To understand this paragraph from Judge Massei’s motivation report, one must consider that the so-called bloody footprints said to be compatible with Amanda and Raffaele were found using Luminol, which always gives many false positives for blood, because Luminol reacts with many things commonly present everywhere (see footnote **). And blood contains a genetic profile (DNA), so the Scientific Police CSI only performed TMB test on the footprints that contained a genetic profile. They did not TMB test footprints that did not contain a genetic profile.

Standard practice: During a crime scene investigation conducted by the FBI, a TMB test of a Luminol find, is always conducted if the find is suspected of being blood. If it is negative, you end there. If it is positive, then you collect samples and go to the lab to subject the find to more rigorous testing. The point is that if you TMB test the find and it’s negative, then it’s not blood. Period. You might get a false positive, but not a false negative. A positive TMB test means that you go to the lab with samples. A negative TMB test means you stop. That is why the prosecution’s Scientific Police CSI witness testifying that the Luminol ‘hits’ were not tested for blood is ridiculous, an attempt to hide the truth from the court, and, in my opinion, perjury.

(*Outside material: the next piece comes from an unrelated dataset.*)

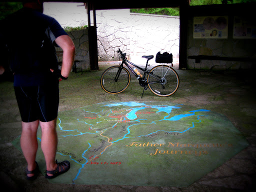 We rode our bikes to a park that overlooked the lake and the Mackinac Bridge. At the Marquette memorial, we recalled that he and Jolliet were the first Europeans to map the Mississippi River and explore the surrounding land. They left from St. Ignace, following the Fox River from Green Bay and eventually came to the Mississippi.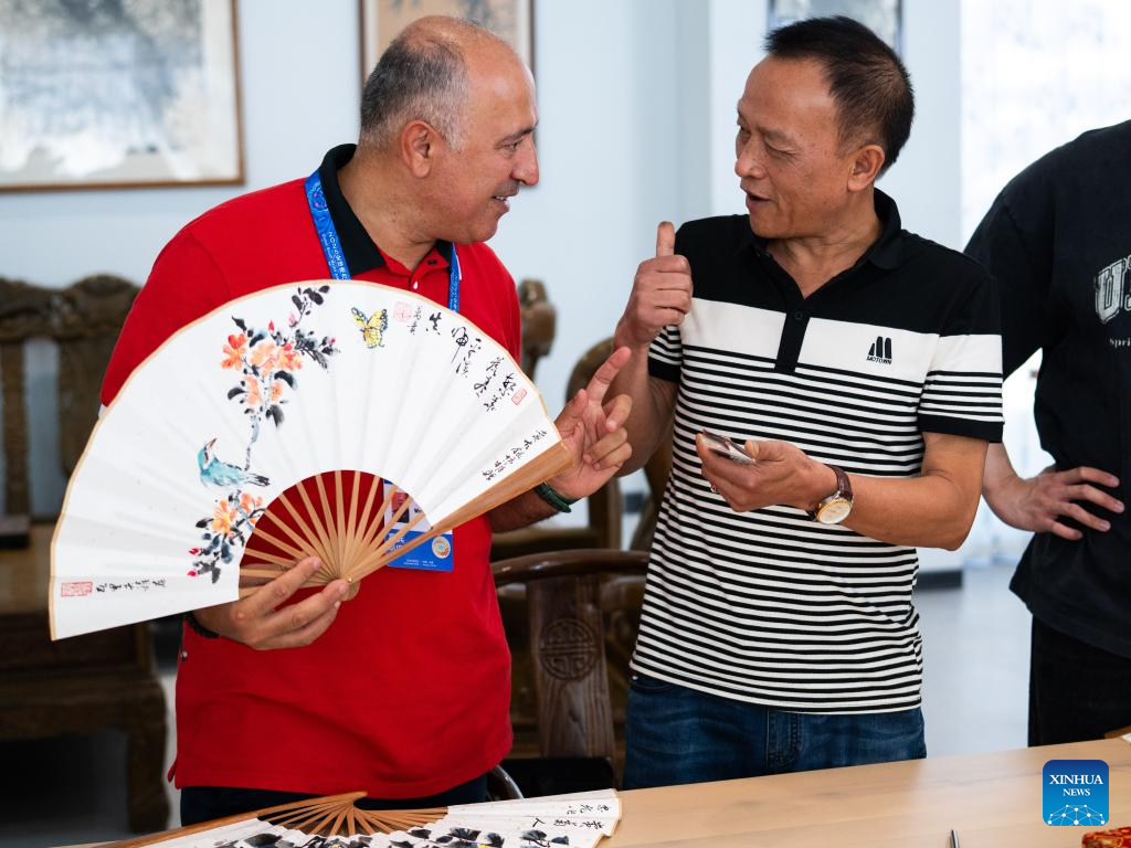 A guest (L) to the 2025 Global South Media and Think Tank Forum learns about fan painting in Mengzi City of Honghe Hani and Yi Autonomous Prefecture, southwest China's Yunnan Province, Sept. 8, 2025.

The bloody footprints, then, were bloody lies. The preceding quote from Judge Massei’s report clearly establishes there were no bloody footprints compatible with Amanda or Raffaele and there were no bloody footprints at all, except for one footprint on the bathmat, obviously belonging to Rudy Guede, whose evidence found at the crime scene, and circumstantial evidence clearly establishes that he alone murdered Meredith Kercher shortly after 9 pm, Nov. 1, 2007.

The authorities’ perjury was ignored by the judges, and going with the flow, the judge assumed without credible evidence the footprints were of blood regardless of scientific proof that they were not (see Massei Report, ET, page 284 for assumptions). Need I say more?

* An SLA card is similar to a work order/document used by the crime lab.

** (to name a few)
Luminol chemiluminescence can also be triggered by a number of substances such as copper or copper-containing chemical compounds, and certain bleaches; and, as a result, if a crime scene is thoroughly cleaned with a bleach solution, residual cleaner will cause the entire crime scene to produce the typical blue glow, effectively camouflaging any organic evidence, such as blood.

Horseradish sauce, via the enzyme horseradish peroxidase, catalyses the oxidation of luminol, emitting light at 428 nm (blue in the visible spectrum), which may result in a false positive.

Luminol will also detect the small amounts of blood present in urine, and it can be distorted if animal blood is present in the room that is being tested.

Luminol reacts with fecal matter, causing the same glow as if it were blood.

Luminol’s presence may prevent other tests from being performed on a piece of evidence. However, it has been shown that DNA can be successfully extracted from samples treated with luminol reagent.